You can think of the log file as a queue or message stream that’s being collaboratively read and written by all of the clients. This sounds like something you’d need a fancy web-app to manage, but it turns out that all it takes is a typical HTTP 1.1 server and a trivial server-side script.
The download is a conditional GET, as used for fetching feeds themselves. The difference is that you use a “Range:” header to request only the bytes past the last known EOF. For example, if the last time you read the log it was 123456 bytes long, you add the header “Range: 123456-” to the request. This ensures that you only get back the new bytes that were added to the end. (And since this is a conditional GET, if the file hasn’t changed at all you just get back an empty 304 response.)
That’s all you need to do to track changes. Since the file is append-only, the only bytes you need to read are the ones added to the end. This request efficiently sends you just those bytes.
What’s cool is that this require no server-side software. If the log is a static file, any regular HTTP server like Apache will automatically handle GET requests for it, even byte-range ones. (Ranges are already used by browsers to resume interrupted downloads.) And it sends the response at high speed, since the server’s just streaming from a file, without multiple back-and-forth requests and without expensive database queries.
How about writing? Ideally you’d use the same approach, with a byte-range PUT that specifies that the request body should go at the end of the file. Unfortunately most servers don’t support this for static files, even though it’s basically just HTTP 1.1. But it’s really easy to implement. Any PHP crufter should be able to whip up a one-page script that simply responds to a POST by reading the request body and appending it to a local file (while doing the necessary ETag and range verification.) The great thing is that this script doesn’t have to know anything at all about RSS or subscriptions or unread counts; it’s completely generic. You can upgrade the data model without having to touch the script, and you could use the same script to sync anything, not just RSS.

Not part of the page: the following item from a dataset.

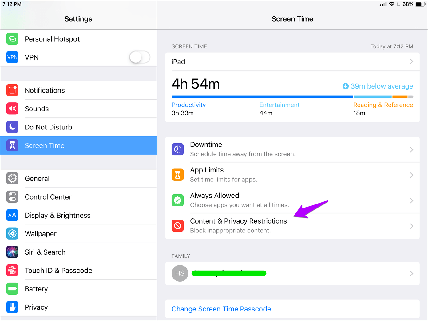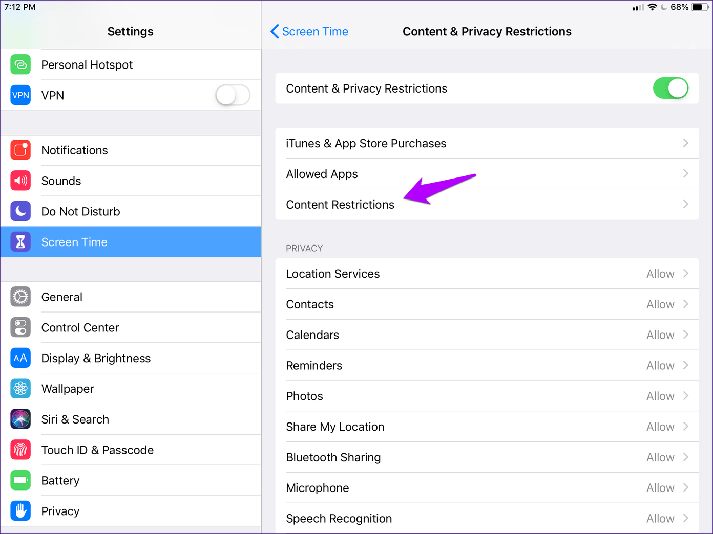 Шаг 1. Откройте приложение «Настройки» на вашем iPhone или iPad, нажмите «Время экрана», а затем нажмите «Ограничения содержимого и конфиденциальности».

(Yes, there is a semi-obvious drawback to this protocol: the file grows without limit. Surprisingly, this is not a problem most of the time, since clients only upload or download new data; the only real limit is the maximum file size or disk quota allowed by the server. But it does present a problem for a new client, whose first-time sync would download the entire file. This can be worked around by having new clients ignore very old data (only download the latest 10MB, say) or by periodically writing a compact subscription list to a separate URL.)
February 9th, 2010 at 11:09 AM
Your REST-logging is almost exactly a description of how CouchDB replication works, except CouchDB works even when thousands of people are sharing the same data set at the same time.
I described replication in more detail here for those who are interested:
http://jchrisa.net/drl/_design/sofa/_show/post/CouchDB-Implements-a-Fundamental-Algorithm
February 9th, 2010 at 11:37 AM
It’s similar, except that all the smarts live on only one side (the client), so the pull is a simple HTTP GET and the push could theoretically be a PUT but in the real world is a really simple server-side script.
This does limit it compared to what CouchDB can do, but it also means there’s a very low bar for setting up the server. (Whereas it’s very unlikely you’ll be able to run an Erlang server process without an expensive hosting plan.)
February 11th, 2010 at 12:14 PM
Would it be reasonable to also compress the read data in the form “for this feed, from august until november, the user has read everything”? This would mean that less data has to be stored on the server, and an initial synching would be much faster.
March 5th, 2010 at 11:10 AM
Why not use git?
March 6th, 2010 at 4:58 PM
Because it requires complex software on the server side, that practically no one has the capability of installing. The client-side software is also pretty large and complex.